Look through the lines below and extract any with the word "touch".
※
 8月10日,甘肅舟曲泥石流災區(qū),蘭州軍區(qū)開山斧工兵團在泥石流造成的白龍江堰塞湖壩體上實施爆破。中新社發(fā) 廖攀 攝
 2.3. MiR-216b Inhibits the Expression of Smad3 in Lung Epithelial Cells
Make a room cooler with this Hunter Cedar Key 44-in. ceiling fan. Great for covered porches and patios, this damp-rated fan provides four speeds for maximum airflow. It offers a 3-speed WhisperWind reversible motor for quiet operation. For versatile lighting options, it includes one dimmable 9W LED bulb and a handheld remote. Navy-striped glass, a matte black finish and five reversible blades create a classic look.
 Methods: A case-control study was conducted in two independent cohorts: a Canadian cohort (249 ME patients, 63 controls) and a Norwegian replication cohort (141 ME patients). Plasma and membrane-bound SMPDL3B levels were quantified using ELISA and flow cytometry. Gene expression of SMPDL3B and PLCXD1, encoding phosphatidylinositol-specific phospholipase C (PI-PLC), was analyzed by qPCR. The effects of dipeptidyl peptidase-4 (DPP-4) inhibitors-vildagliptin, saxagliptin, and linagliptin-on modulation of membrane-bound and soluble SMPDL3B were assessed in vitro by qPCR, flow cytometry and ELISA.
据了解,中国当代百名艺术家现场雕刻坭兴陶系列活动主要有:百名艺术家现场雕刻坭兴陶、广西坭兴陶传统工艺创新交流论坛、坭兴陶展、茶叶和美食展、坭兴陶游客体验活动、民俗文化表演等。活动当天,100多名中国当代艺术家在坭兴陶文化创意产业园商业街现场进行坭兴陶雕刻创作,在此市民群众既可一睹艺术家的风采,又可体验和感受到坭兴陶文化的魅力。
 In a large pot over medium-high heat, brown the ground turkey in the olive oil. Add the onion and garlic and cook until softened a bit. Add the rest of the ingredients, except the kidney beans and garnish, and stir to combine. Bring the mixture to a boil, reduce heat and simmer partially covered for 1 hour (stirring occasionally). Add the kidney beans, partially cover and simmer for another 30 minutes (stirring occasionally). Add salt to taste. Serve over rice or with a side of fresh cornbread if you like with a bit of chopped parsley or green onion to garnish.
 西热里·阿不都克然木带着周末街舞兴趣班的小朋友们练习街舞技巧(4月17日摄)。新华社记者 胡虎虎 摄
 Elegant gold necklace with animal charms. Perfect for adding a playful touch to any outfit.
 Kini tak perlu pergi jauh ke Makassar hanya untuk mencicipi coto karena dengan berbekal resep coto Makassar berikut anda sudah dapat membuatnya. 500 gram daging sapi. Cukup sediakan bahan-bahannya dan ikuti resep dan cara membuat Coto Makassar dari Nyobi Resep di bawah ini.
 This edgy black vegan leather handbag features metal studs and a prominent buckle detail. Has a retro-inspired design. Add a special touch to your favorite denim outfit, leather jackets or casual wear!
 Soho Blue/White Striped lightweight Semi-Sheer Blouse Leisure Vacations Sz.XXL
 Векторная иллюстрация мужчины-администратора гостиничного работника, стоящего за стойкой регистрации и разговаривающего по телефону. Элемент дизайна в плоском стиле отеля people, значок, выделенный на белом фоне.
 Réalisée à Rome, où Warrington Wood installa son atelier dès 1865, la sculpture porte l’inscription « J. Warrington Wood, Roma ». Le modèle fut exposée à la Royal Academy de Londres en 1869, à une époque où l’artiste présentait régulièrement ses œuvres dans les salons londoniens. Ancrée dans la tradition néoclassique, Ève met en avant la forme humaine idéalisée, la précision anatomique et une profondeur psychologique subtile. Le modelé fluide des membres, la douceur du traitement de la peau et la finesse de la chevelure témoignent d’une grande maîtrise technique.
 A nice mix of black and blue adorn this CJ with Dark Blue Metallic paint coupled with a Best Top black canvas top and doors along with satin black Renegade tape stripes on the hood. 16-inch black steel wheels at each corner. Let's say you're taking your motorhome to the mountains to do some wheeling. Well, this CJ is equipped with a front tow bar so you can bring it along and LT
※
**EXERCISE ANSWER**:
 Elegant gold necklace with animal charms. Perfect for adding a playful touch to any outfit.
 This edgy black vegan leather handbag features metal studs and a prominent buckle detail. Has a retro-inspired design. Add a special touch to your favorite denim outfit, leather jackets or casual wear!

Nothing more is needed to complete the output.